**Assignment**
From the line containing "Really unique floral" through the end of the entries, please repeat every line exactly and nothing more; the pictures do not belong in the copy.
--- --- ---
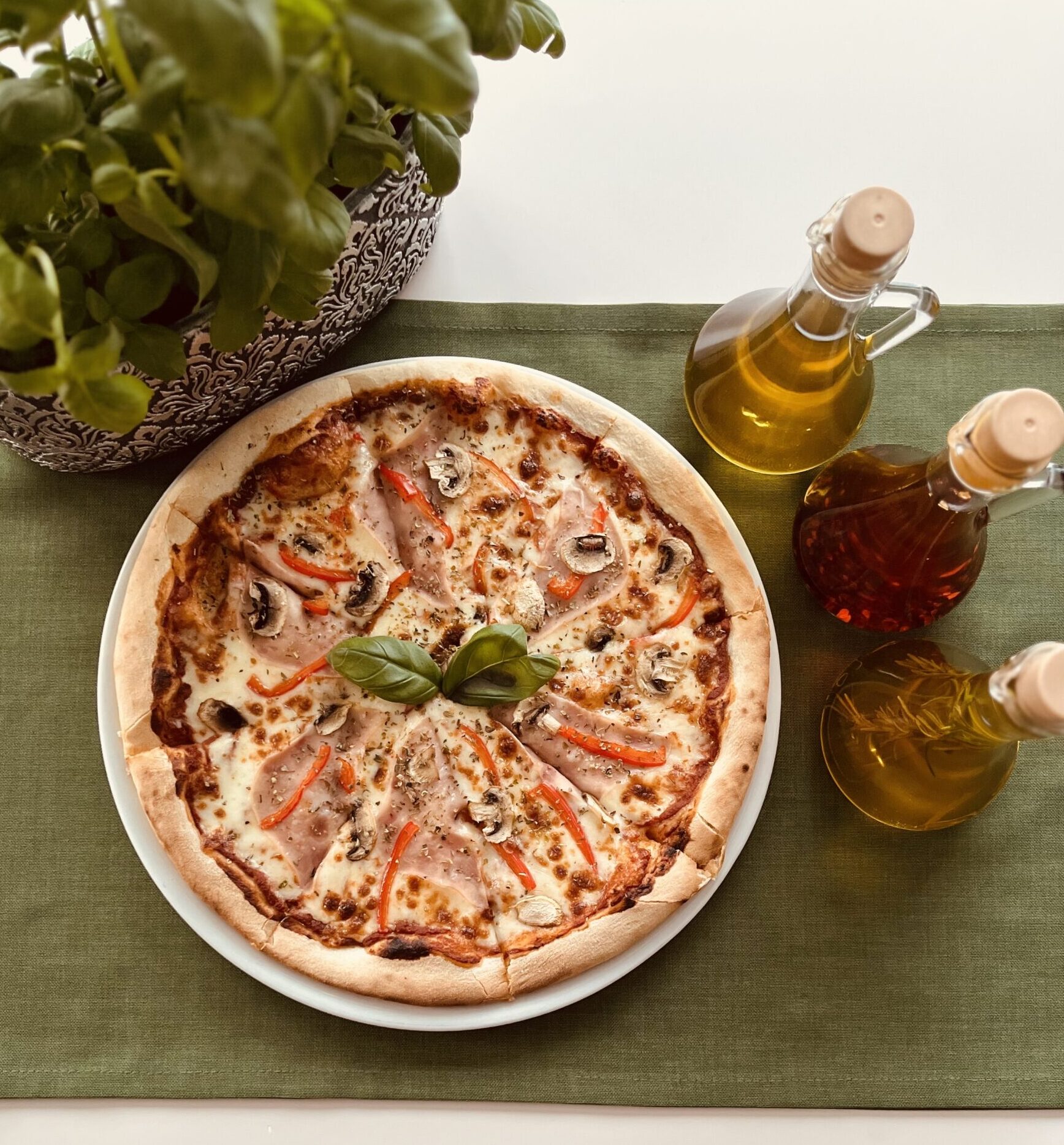 Sos pomidorowy, ser, szynka, pieczarki, papryka
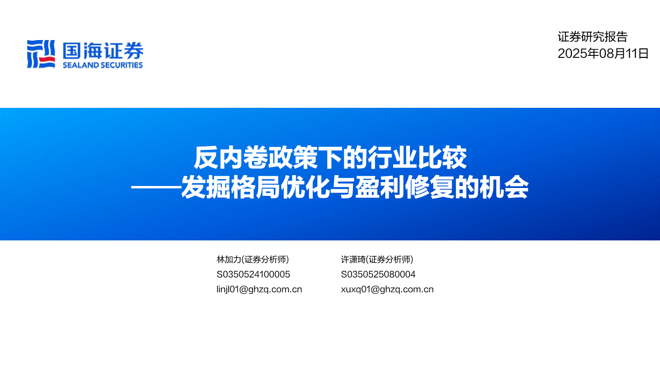 国海证券-反内卷政策下的行业比较:发掘格局优化与盈利修复的机会-250811
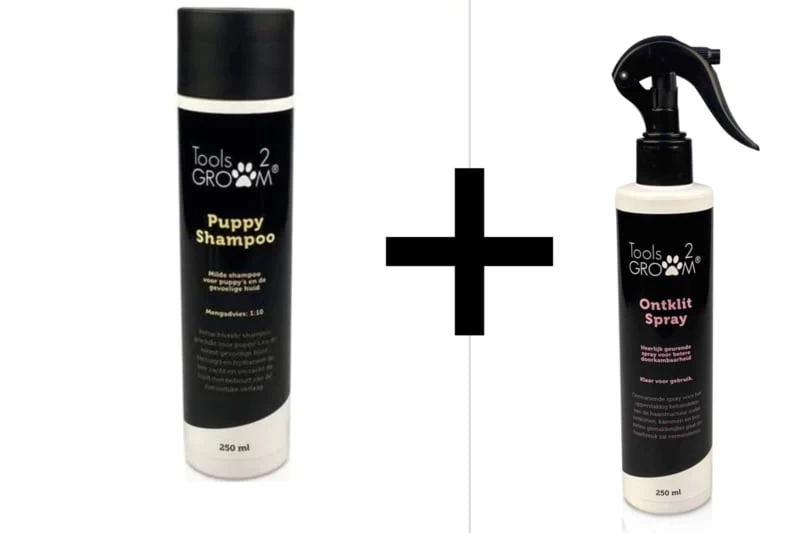 Deze set bestaat uit een heerlijke geurende puppyshampoo 250 ml en ontklitspray 250ml.
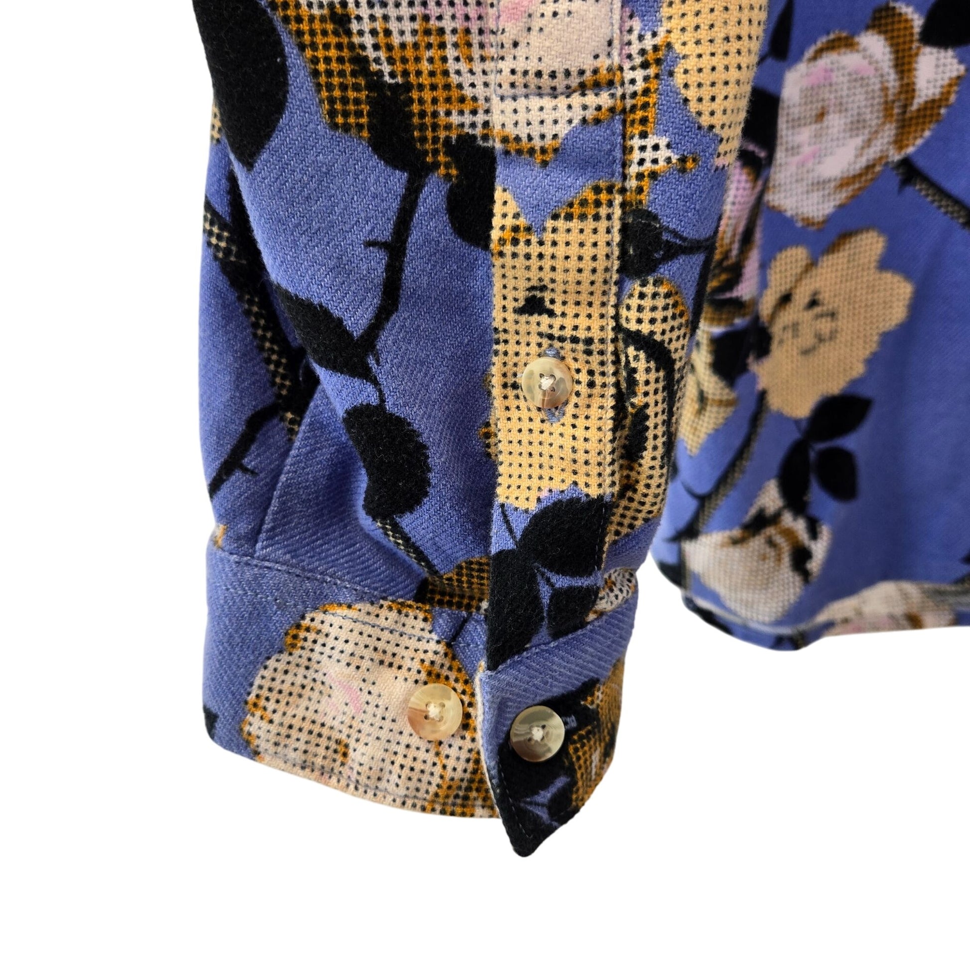 Really unique floral full button closure hooded shacket sweatshirt. The color on this is very vibrant so this is still in really good condition.
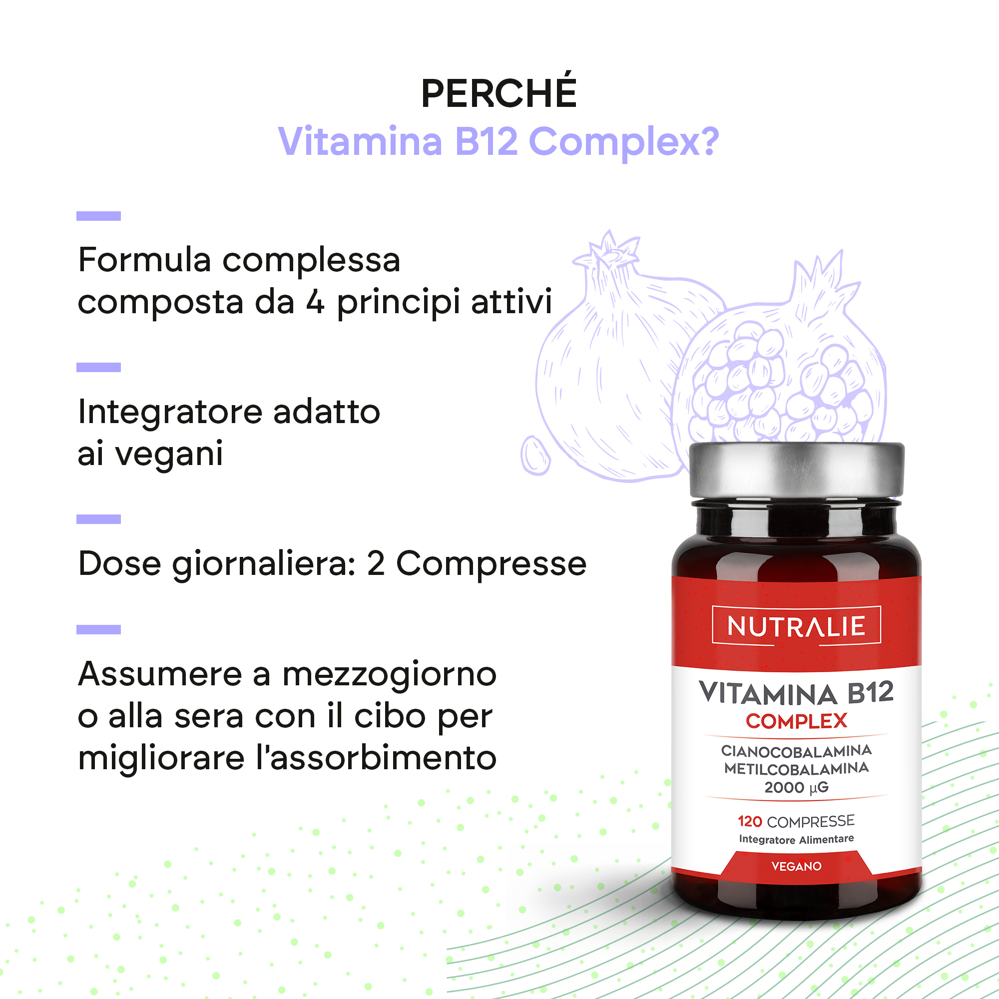 Il complesso vitaminico B12 di Nutralie contiene vitamina B12 e vitamina B6, che contribuiscono alla normale formazione dei globuli rossi.
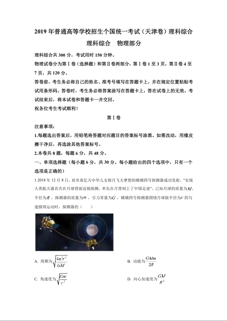 2019年天津高考物理试题及答案
--- --- ---
**Task answer**
 Really unique floral full button closure hooded shacket sweatshirt. The color on this is very vibrant so this is still in really good condition.
 Il complesso vitaminico B12 di Nutralie contiene vitamina B12 e vitamina B6, che contribuiscono alla normale formazione dei globuli rossi.
 2019年天津高考物理试题及答案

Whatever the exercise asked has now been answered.